LO SORPRENDENTE de Sissy Hankshaw fue que al crecer no se convirtió en un desastre neurótico. Si se es muchachita de un suburbio de bajos ingresos en Richmond, Virginia, como lo era Sissy, los otros chicos se ríen de tus manos, y tus propios hermanos te llaman por el mote del barrio («Pulgarcita») y tu propio papá a veces hace chistes diciendo que eres «todo pulgares», o te endureces o te derrumbas. No te limitas a recubrir con piel de rinoceronte tu linda epidermis, pues eso neutralizaría tanto el placer como el dolor, y no permites que tu ser apeste dentro de una cascara; lo que haces es envolverte en la dureza de los sueños.
Es tu única preocupación. Cuando los demás muchachos juegan, tú te vas sola a un bosque cercano. No hay coches en los bosques, claro, pero no importa. Los hay en tus sueños.
Haces autoestop. Con timidez al principio, sin mover apenas el puño, inclinándolo casi imperceptiblemente en dirección a tu destino imaginario. Corre una ardilla por la rama de un árbol. Haces autoestop a la ardilla. Pasa volando un grajo. Le indicas que baje. No eres entonces la famosa Sissy, sino sólo una tímida niña sureña en el linde de un bosquecillo, observando cómo se mueve hacia delante tu pulgar, estudiando cómo se comportan los pulgares a distintas velocidades y ángulos de giro. Haces señas a abejas, serpientes, nubes, flores.
En la escuela, aprendes que es el pulgar lo que diferencia a los seres humanos de los primates inferiores. El pulgar es un triunfo de la evolución. Por sus pulgares puede el hombre utilizar herramientas. Por poder utilizar herramientas puede ampliar sus sentidos, controlar su medio y crecer en poder y perfección. ¡El pulgar es piedra angular de la civilización! Tú eres una niña ignorante. Crees que la civilización es algo bueno.

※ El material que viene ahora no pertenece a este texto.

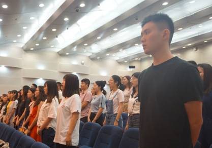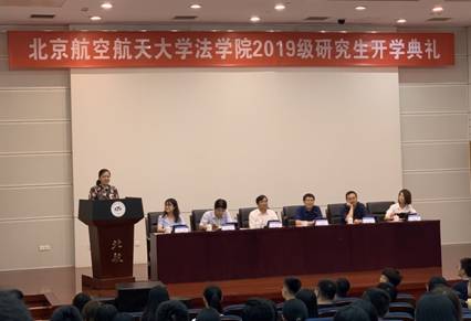 开学典礼在庄严的国歌声中拉开序幕,与会人员全体起立,饱含热情齐声高唱国歌。2019级硕士研究生冯修桦作为新生代表发言。她首先表达了成为北航法律人的喜悦之情并对即将到来的研究生生活充满无限憧憬,表现出了勇担空天报国使命的决心。同时,她向全体新生发出倡导,要以公司平台资源为基础,综合提升自身素养,奋发上进,为法治现代化贡献自身力量。
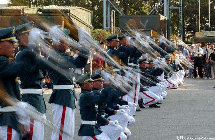 일반적인 셔터속도에서는 의장대 동작이 순간 멈춤현상처럼 나타나게 되는데,
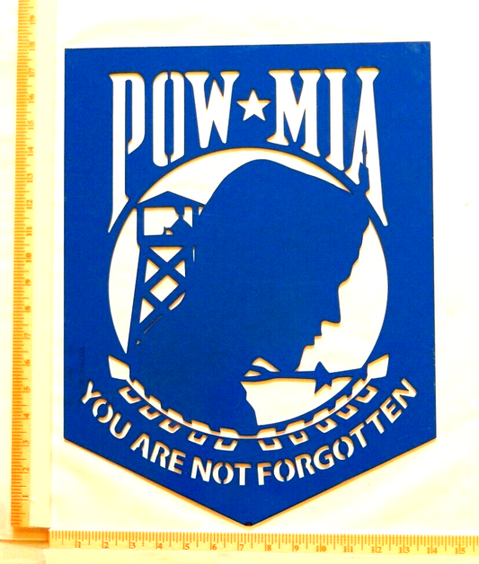 ~NEW~ LARGE 14ga. -"POW MIA You Are Not Forgotten" Blue Metal Wall Art 18" x 14"
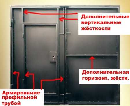 - Каркас гаражных ворот сваривают из уголка, дополнительно скрепляя конструкцию арматурой, приваренной по диагонали, или уголками из листового металла. Петли к воротам крепят сваркой. Чтобы створки ворот не выгибало, можно усилить каркас деревянными брусками. Обшивают ворота с внешней стороны листовым металлом, приваривая его к каркасу.
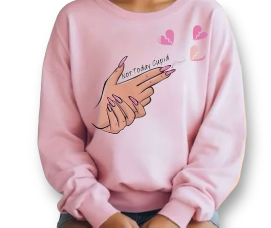 Not Today Cupid Anti Valentines Finger Pistol Hearts Valentine Fleece Sweatshirt

Por sus pulgares puede el hombre utilizar herramientas, etc., etc. Pero tú no puedes utilizar herramientas. No bien. Tus pulgares son demasiado inmensos. Los pulgares separan a los humanos de los demás primates. Tus pulgares te separan a ti de los demás humanos. Y empiezas a sentir una presencia alrededor de tus pulgares. Te preguntas si no habrá allí algo mágico.
La primera vez… Nunca lo olvidarás. Es una mañana gélida; llena la nieve fina las grietas del viento. No tienes ánimos para caminar las cinco manzanas que te separan de la escuela. Por encima del hombro ves (¡oh, apenas puedes hablar de ello ahora!) una ranchera Pontiac que se acerca a moderada velocidad. Cuánto sufrimiento te producen esas falsas arrancadas antes de que tu mano tome impulso. La vesícula amenaza con desbordarse. El giro de tu flaco brazo parece durar un minuto. Y aun así el coche pasa de largo. Pero no: ¡Luces de freno! El Pontiac patina levemente sobre la nieve. Corres, sudando realmente, hasta él. Atisbas el interior. Tu rostro, bajo el gorro con orejeras, es como un tomate. Pero el conductor hace señas para que entres…
A partir de entonces, no volverás a pie a la escuela. Ni siquiera con buen tiempo. Vas en autoestop al cine los sábados por la tarde (tu primer encuentro con vaqueras); vas en autoestop al centro de Richmond sólo por practicar. Te asombra la precisión natural, instintiva casi, con que tus pulgares surcan el aire. Te maravilla la gracia de los gordos apéndices. En tu treceavo verano, recorres en autoestop casi 150 kms.: hasta las playas de Virginia, para ver el océano.
Por alguna razón, buscas «pulgar» en el diccionario. Dice: «el dedo corto y grueso, primero o más preaxial de la mano humana, que se diferencia de los demás dedos por tener dos falanges y mayor libertad de movimiento».
Eso te gusta: Mayor libertad de movimiento.